The hydrophilic group falls into one of the following categories:
1. charged groups
  - anionic. Examples, with the lipophilic part of the molecule represented by R, are:
    - carboxylates: RCO_{2}^{−}
    - sulfates: RSO_{4}^{−}
    - sulfonates: RSO_{3}^{−}
    - phosphates (the charged functional group in phospholipids)
  - cationic. Examples:
    - ammoniums: RNH_{3}^{+}
2. polar, uncharged groups. Examples are alcohols with large R groups, such as diacyl glycerol (DAG), and oligo ethylene glycol with long alkyl chains.

Often, amphiphilic species have several lipophilic parts, several hydrophilic parts, or several of both.
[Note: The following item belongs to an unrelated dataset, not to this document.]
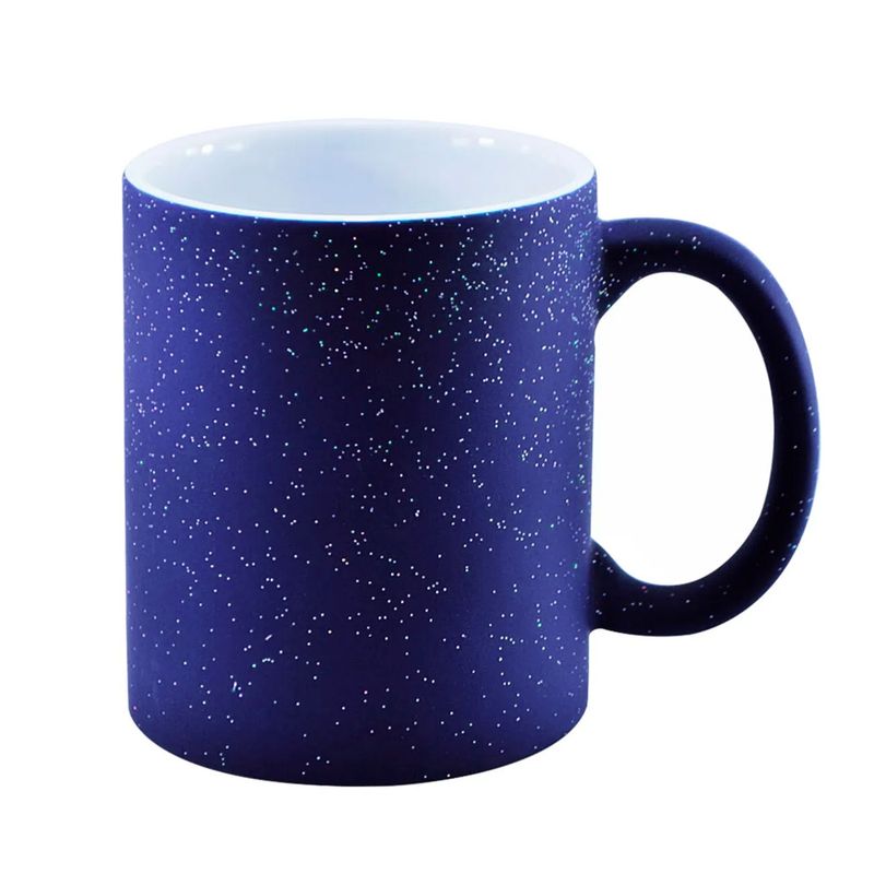 A impressão é feita na superfície azul, e parece invisível, mas a imagem irá se revelar quando adicionado um liquido quente dentro dela! Pode ser qualquer tipo de bebida quente, a imagem aparecerá feito mágica! E com um toque especial, pois ela tem Glitter!

Proteins and some block copolymers are such examples.

Amphiphilic compounds have lipophilic (typically hydrocarbon) structures and hydrophilic polar functional groups (either ionic or uncharged).

As a result of having both lipophilic and hydrophilic portions, some amphiphilic compounds may dissolve in water and to some extent in non-polar organic solvents.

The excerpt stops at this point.